*** PROVIDED RECORDS Section Begins ***

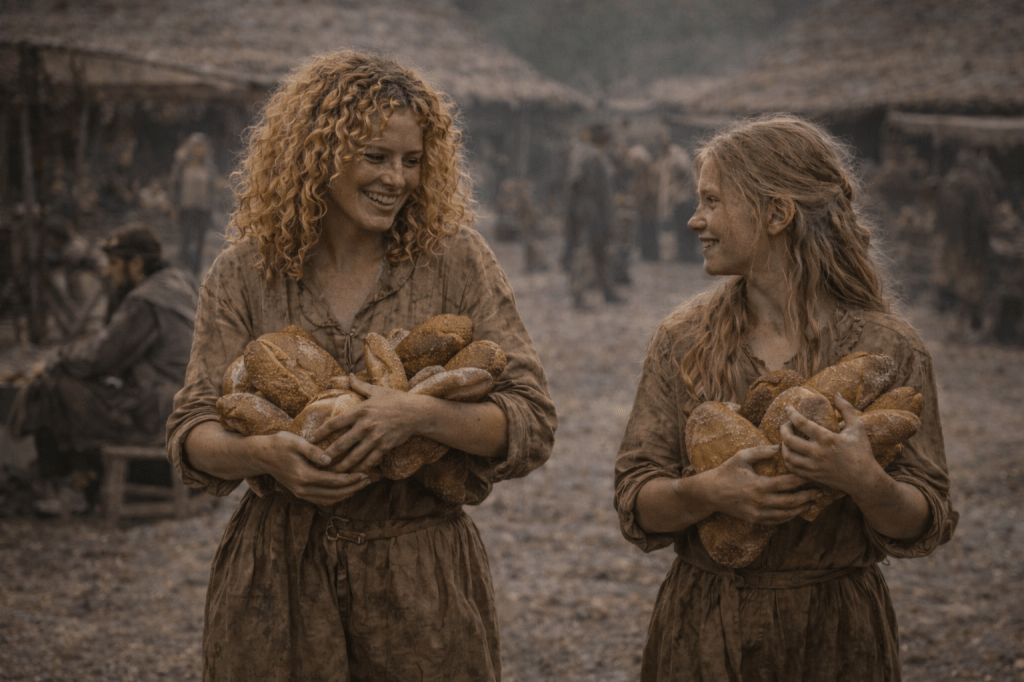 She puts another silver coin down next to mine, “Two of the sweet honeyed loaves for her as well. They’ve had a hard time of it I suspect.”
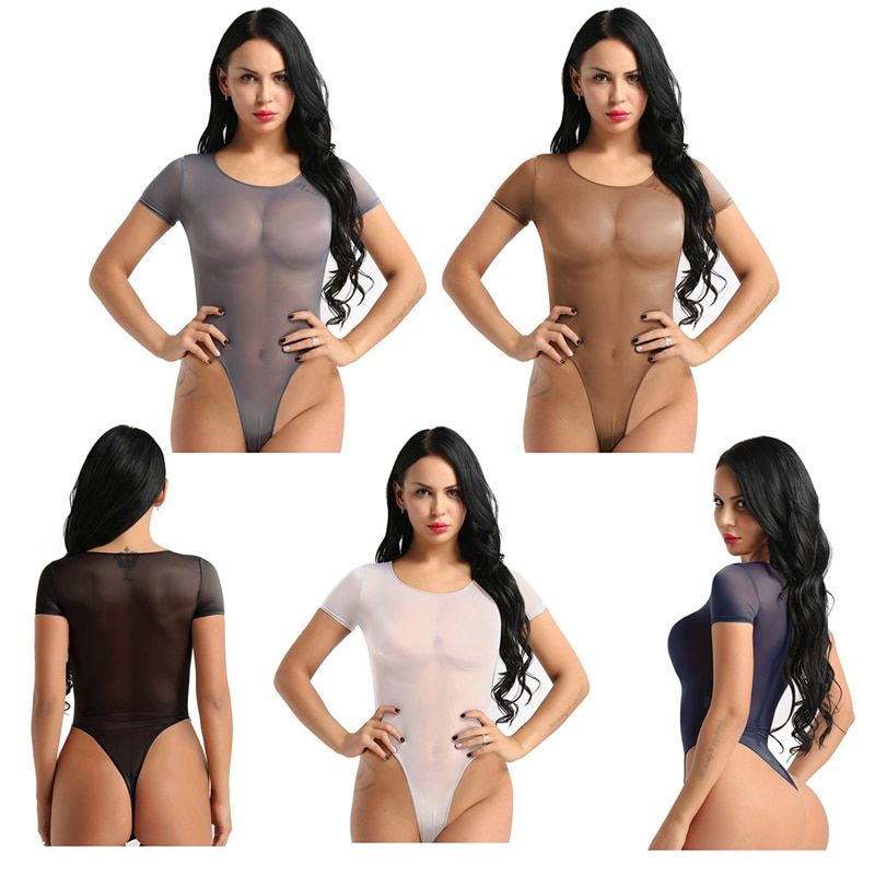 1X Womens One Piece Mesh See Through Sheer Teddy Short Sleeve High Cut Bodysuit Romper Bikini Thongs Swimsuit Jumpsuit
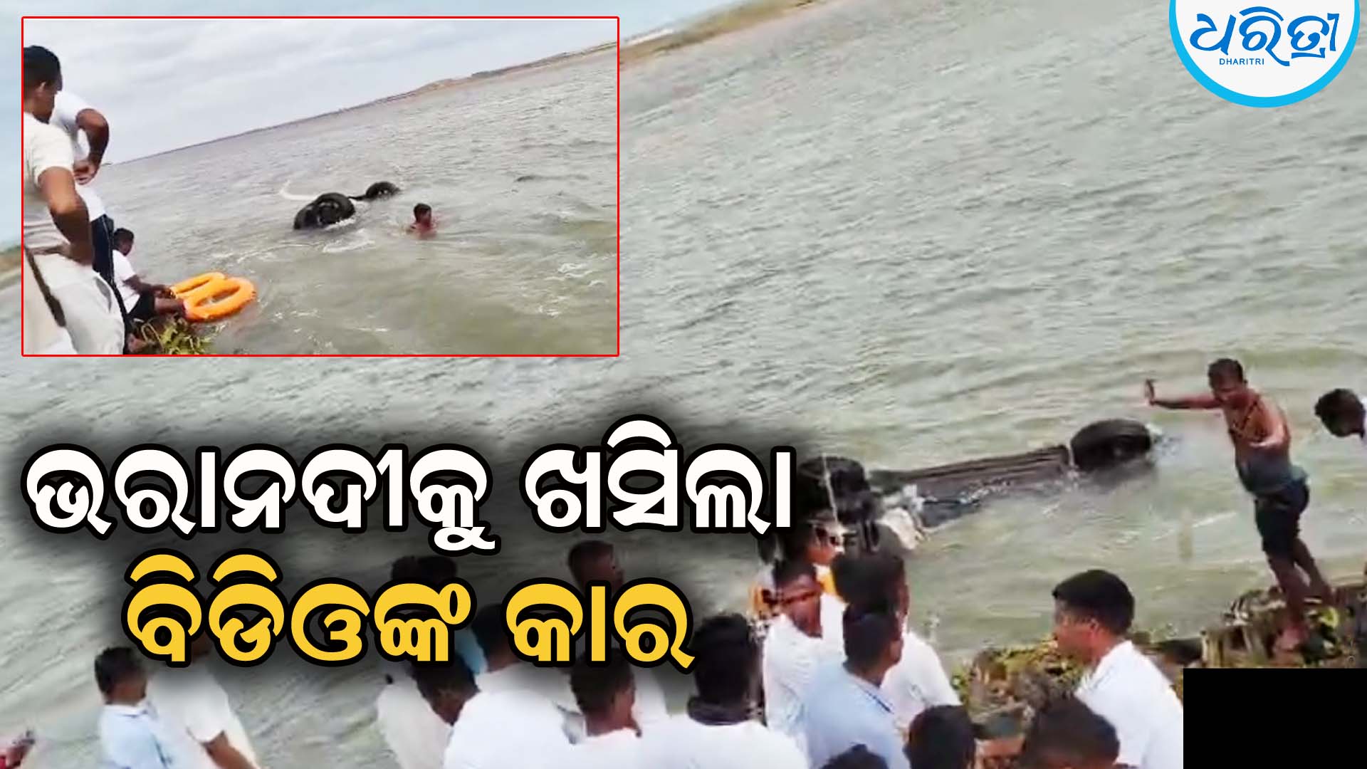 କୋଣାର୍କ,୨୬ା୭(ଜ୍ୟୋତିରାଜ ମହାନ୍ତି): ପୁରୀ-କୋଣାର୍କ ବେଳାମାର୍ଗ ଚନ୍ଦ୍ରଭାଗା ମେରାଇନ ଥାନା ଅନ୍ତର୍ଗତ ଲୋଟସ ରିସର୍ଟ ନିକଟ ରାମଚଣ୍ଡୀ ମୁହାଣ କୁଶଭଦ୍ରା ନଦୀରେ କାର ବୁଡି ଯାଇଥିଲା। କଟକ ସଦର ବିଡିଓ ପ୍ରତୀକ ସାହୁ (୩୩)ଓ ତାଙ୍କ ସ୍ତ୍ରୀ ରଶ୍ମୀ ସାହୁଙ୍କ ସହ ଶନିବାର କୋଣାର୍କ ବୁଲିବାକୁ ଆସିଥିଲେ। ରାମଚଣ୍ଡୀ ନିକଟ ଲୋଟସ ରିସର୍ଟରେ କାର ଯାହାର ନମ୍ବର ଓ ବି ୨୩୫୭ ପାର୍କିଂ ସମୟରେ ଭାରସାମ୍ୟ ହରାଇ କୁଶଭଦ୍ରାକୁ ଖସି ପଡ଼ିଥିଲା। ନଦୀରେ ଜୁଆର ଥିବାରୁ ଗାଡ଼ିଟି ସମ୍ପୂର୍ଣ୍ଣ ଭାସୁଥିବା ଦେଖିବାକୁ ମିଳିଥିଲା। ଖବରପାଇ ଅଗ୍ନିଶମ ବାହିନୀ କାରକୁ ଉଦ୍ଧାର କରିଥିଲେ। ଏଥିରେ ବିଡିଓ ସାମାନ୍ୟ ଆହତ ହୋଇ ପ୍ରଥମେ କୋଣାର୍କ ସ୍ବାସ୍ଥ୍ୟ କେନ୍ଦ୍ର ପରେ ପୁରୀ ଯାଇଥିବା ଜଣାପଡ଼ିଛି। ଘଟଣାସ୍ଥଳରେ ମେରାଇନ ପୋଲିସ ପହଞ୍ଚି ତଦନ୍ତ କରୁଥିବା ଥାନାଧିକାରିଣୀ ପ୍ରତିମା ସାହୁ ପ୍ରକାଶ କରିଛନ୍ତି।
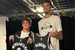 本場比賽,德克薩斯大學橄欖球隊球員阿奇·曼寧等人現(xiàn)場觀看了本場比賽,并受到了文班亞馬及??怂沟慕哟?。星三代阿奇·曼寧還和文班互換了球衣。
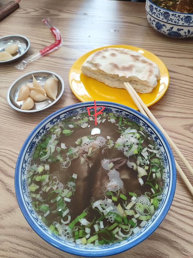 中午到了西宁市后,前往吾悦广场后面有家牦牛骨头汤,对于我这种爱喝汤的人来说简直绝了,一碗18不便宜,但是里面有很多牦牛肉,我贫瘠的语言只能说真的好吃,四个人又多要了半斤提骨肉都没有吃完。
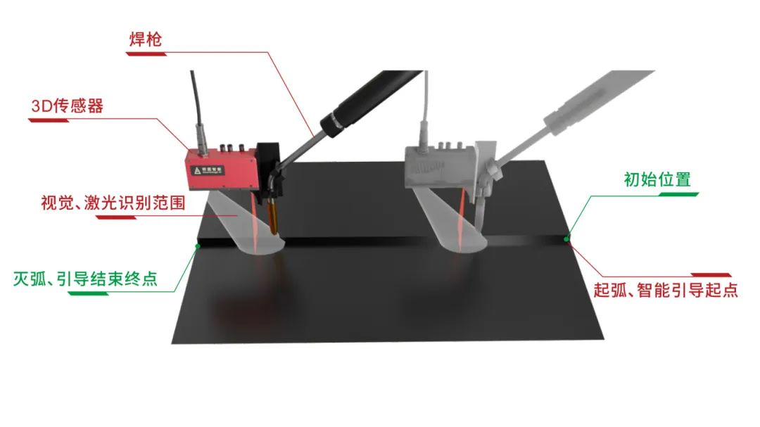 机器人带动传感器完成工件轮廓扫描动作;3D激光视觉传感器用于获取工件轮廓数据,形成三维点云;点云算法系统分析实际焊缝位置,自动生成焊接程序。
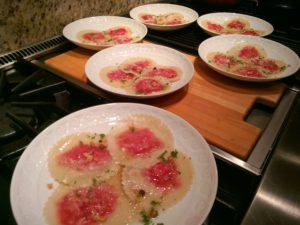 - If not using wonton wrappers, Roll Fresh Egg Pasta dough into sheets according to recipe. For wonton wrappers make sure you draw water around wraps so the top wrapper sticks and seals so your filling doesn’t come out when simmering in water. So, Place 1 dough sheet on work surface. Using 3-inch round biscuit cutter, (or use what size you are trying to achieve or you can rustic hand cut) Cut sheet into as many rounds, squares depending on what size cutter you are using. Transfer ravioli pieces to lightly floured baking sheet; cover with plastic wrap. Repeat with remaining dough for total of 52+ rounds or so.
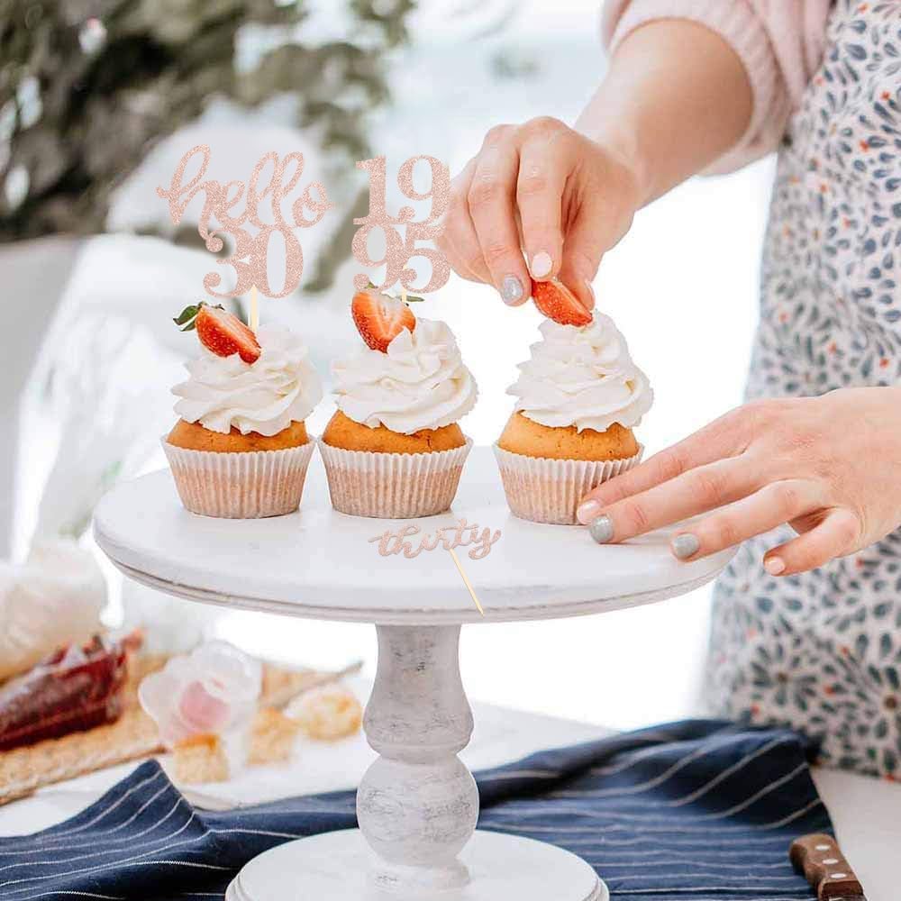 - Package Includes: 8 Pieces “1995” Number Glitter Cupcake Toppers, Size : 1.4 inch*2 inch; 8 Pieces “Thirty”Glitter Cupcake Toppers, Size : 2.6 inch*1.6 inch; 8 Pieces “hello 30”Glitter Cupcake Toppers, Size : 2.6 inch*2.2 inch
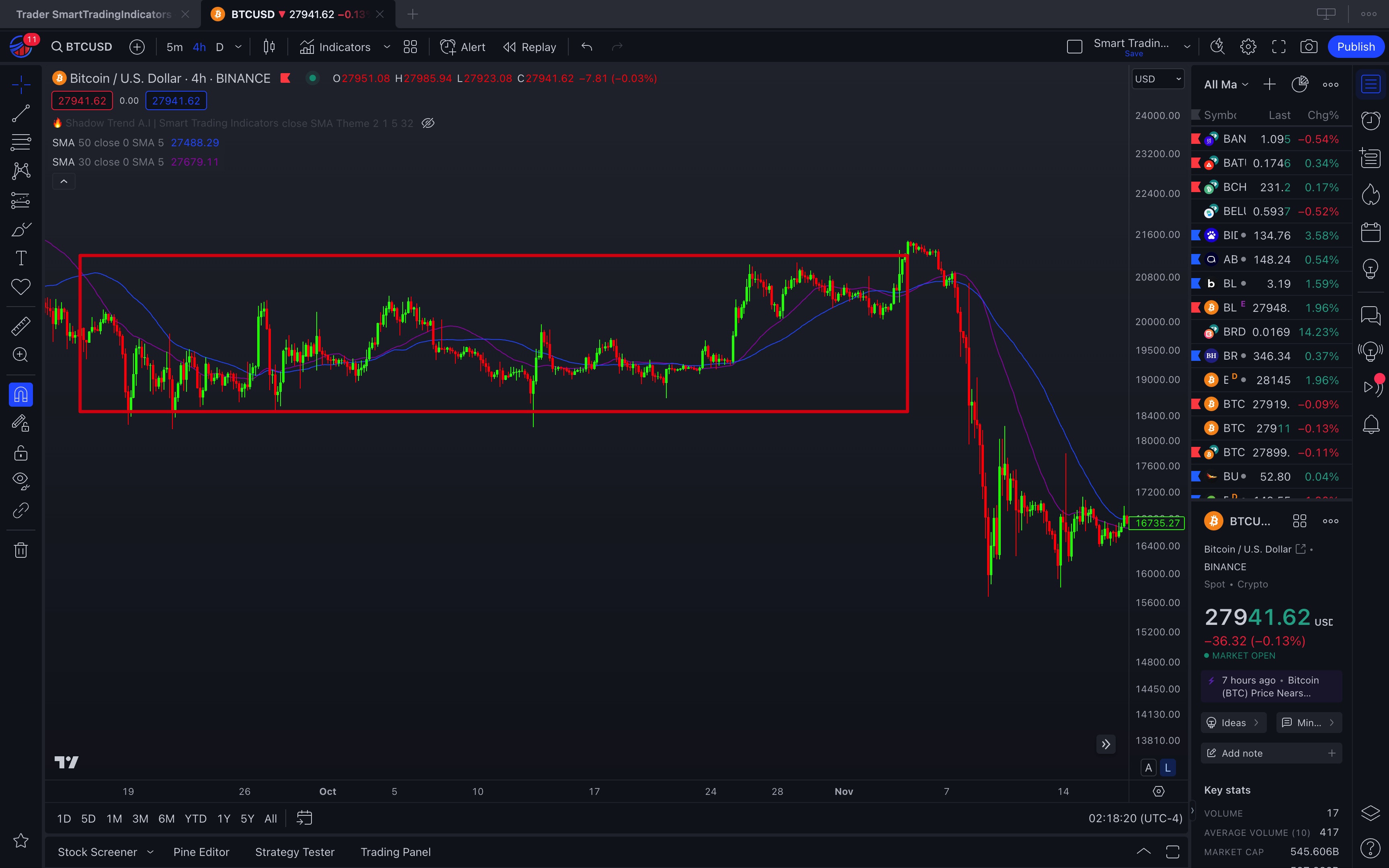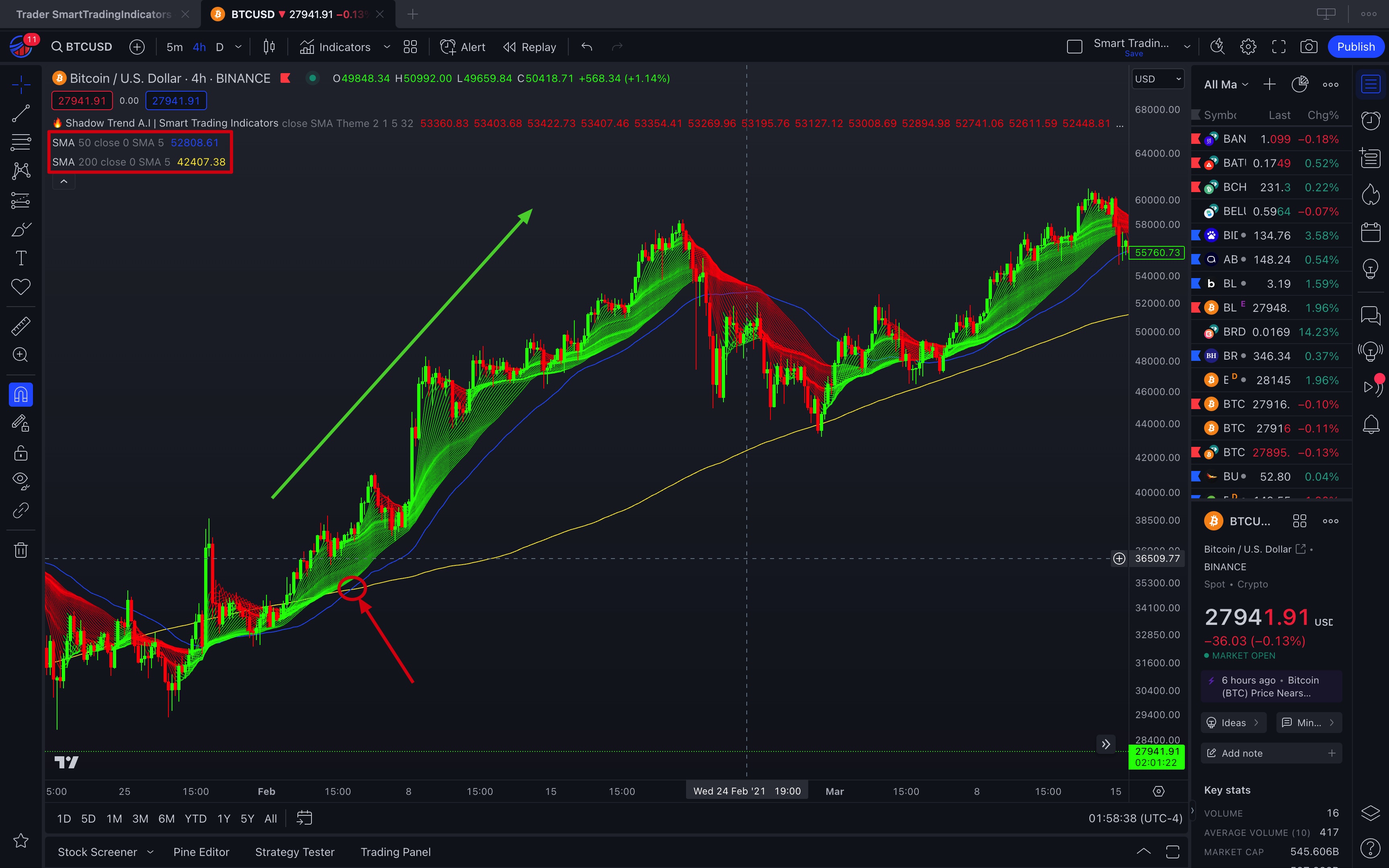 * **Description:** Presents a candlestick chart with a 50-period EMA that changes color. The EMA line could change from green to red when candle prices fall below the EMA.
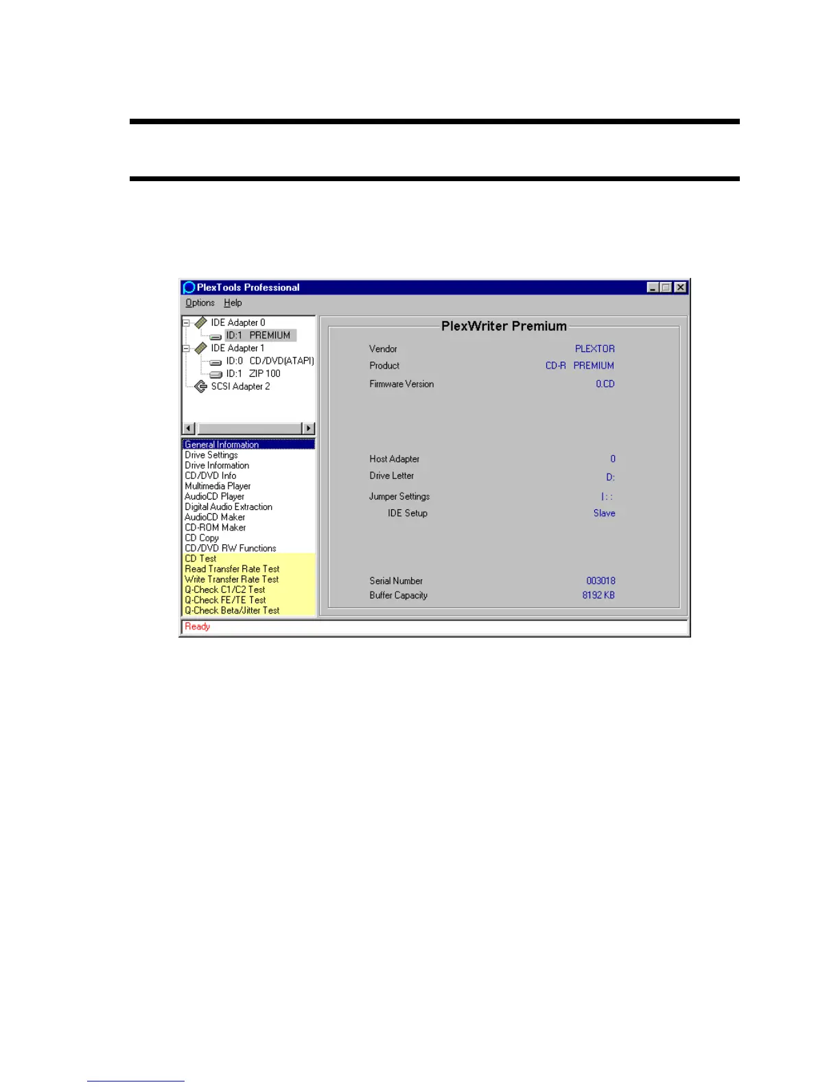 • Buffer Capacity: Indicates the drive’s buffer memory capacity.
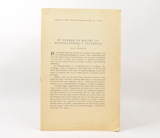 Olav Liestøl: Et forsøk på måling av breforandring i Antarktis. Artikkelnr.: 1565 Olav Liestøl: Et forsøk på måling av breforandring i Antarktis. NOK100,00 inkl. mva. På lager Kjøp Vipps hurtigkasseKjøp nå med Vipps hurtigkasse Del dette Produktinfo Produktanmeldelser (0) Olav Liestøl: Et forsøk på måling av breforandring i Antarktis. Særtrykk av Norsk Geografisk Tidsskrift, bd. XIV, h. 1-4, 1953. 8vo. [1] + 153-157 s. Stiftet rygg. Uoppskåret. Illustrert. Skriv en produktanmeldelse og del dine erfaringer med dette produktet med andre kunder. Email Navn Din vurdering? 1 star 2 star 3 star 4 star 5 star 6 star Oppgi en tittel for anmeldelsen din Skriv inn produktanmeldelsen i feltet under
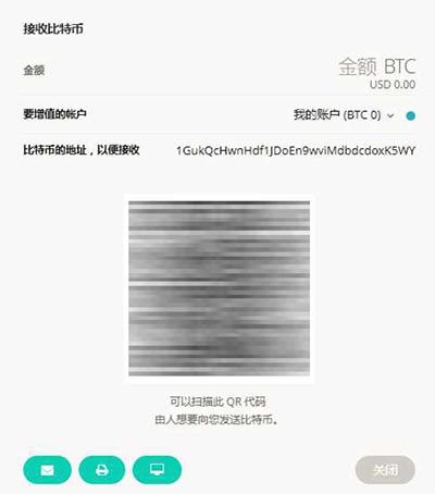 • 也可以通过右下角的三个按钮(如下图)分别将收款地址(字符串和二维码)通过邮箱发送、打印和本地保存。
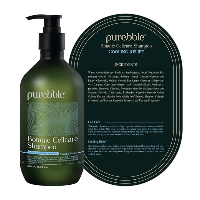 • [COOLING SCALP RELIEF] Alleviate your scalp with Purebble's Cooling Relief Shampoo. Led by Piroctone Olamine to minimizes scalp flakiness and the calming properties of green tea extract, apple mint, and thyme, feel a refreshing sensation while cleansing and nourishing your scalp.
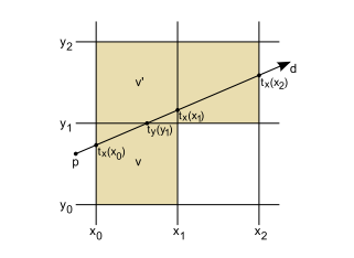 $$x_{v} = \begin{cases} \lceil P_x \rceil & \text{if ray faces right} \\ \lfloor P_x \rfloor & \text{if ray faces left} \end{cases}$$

*** PROVIDED RECORDS Section Ends ***

ASSIGNMENT>
Your task is to set down exactly the lines that run from the line holding "- Package Includes: 8" through the close of the entries, including both ends. Pictures stay out.

ANSWER TO THIS TASK>
 - Package Includes: 8 Pieces “1995” Number Glitter Cupcake Toppers, Size : 1.4 inch*2 inch; 8 Pieces “Thirty”Glitter Cupcake Toppers, Size : 2.6 inch*1.6 inch; 8 Pieces “hello 30”Glitter Cupcake Toppers, Size : 2.6 inch*2.2 inch
 * **Description:** Presents a candlestick chart with a 50-period EMA that changes color. The EMA line could change from green to red when candle prices fall below the EMA.
 • Buffer Capacity: Indicates the drive’s buffer memory capacity.
 Olav Liestøl: Et forsøk på måling av breforandring i Antarktis. Artikkelnr.: 1565 Olav Liestøl: Et forsøk på måling av breforandring i Antarktis. NOK100,00 inkl. mva. På lager Kjøp Vipps hurtigkasseKjøp nå med Vipps hurtigkasse Del dette Produktinfo Produktanmeldelser (0) Olav Liestøl: Et forsøk på måling av breforandring i Antarktis. Særtrykk av Norsk Geografisk Tidsskrift, bd. XIV, h. 1-4, 1953. 8vo. [1] + 153-157 s. Stiftet rygg. Uoppskåret. Illustrert. Skriv en produktanmeldelse og del dine erfaringer med dette produktet med andre kunder. Email Navn Din vurdering? 1 star 2 star 3 star 4 star 5 star 6 star Oppgi en tittel for anmeldelsen din Skriv inn produktanmeldelsen i feltet under
 • 也可以通过右下角的三个按钮(如下图)分别将收款地址(字符串和二维码)通过邮箱发送、打印和本地保存。
 • [COOLING SCALP RELIEF] Alleviate your scalp with Purebble's Cooling Relief Shampoo. Led by Piroctone Olamine to minimizes scalp flakiness and the calming properties of green tea extract, apple mint, and thyme, feel a refreshing sensation while cleansing and nourishing your scalp.
 $$x_{v} = \begin{cases} \lceil P_x \rceil & \text{if ray faces right} \\ \lfloor P_x \rfloor & \text{if ray faces left} \end{cases}$$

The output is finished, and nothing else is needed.